> The data:
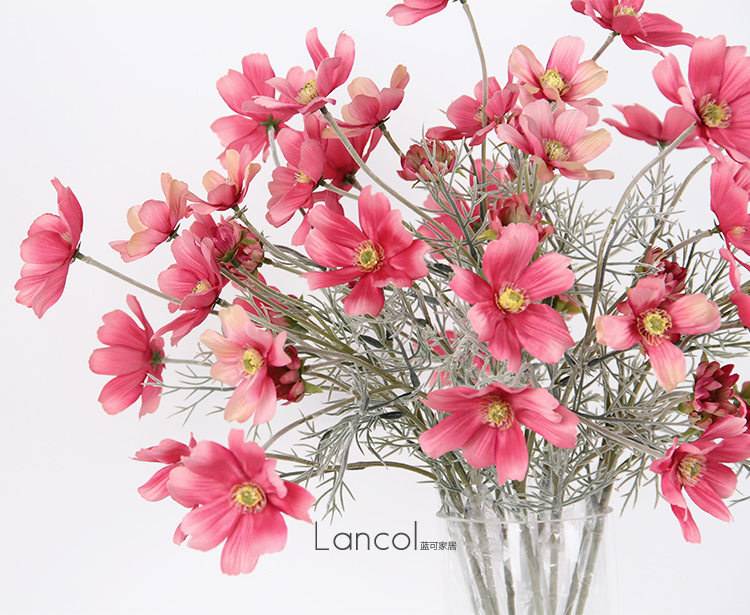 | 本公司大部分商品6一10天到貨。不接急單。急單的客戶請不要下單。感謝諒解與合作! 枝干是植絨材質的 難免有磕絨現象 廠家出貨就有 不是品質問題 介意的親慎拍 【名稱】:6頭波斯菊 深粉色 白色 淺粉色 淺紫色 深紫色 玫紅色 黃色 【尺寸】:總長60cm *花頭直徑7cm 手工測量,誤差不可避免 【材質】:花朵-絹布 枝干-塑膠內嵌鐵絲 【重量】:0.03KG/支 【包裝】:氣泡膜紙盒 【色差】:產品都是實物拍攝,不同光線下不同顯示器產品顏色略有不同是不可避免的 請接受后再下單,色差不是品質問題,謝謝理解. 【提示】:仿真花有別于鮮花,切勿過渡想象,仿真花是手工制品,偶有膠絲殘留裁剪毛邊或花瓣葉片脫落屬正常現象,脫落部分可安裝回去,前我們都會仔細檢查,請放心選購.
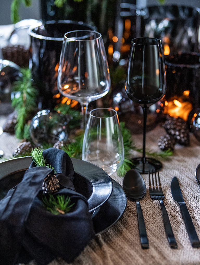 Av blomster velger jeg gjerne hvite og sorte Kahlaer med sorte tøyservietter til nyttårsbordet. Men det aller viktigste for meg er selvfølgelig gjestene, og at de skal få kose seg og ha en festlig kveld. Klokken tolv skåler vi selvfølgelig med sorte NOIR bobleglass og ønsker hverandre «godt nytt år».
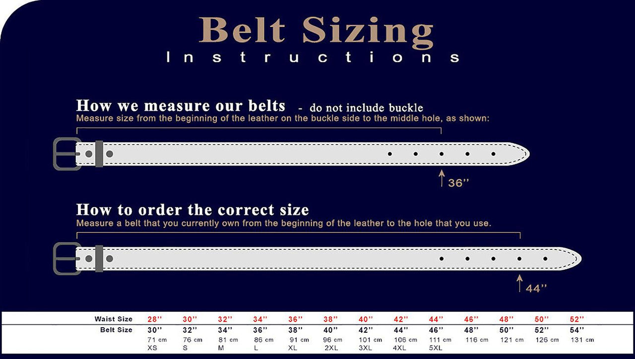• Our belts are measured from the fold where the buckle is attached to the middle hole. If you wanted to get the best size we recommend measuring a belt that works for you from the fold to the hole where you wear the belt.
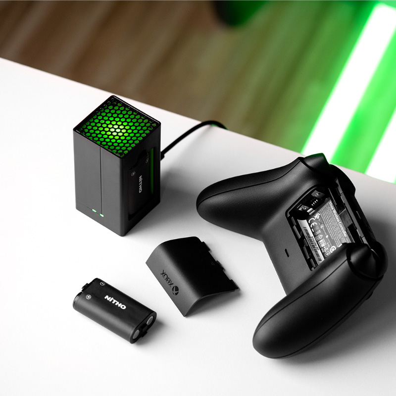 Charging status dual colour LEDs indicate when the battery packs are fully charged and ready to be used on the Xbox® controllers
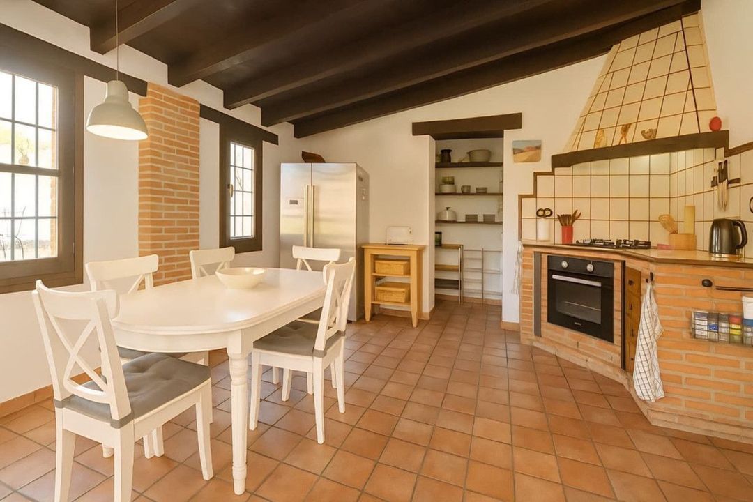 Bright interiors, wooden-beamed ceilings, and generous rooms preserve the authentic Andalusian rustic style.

> What you have to do: Please retype only the lines from the line that holds "wear the belt." through the end of the records, exactly as they stand, and drop every picture.

> Written solution:
• Our belts are measured from the fold where the buckle is attached to the middle hole. If you wanted to get the best size we recommend measuring a belt that works for you from the fold to the hole where you wear the belt.
 Charging status dual colour LEDs indicate when the battery packs are fully charged and ready to be used on the Xbox® controllers
 Bright interiors, wooden-beamed ceilings, and generous rooms preserve the authentic Andalusian rustic style.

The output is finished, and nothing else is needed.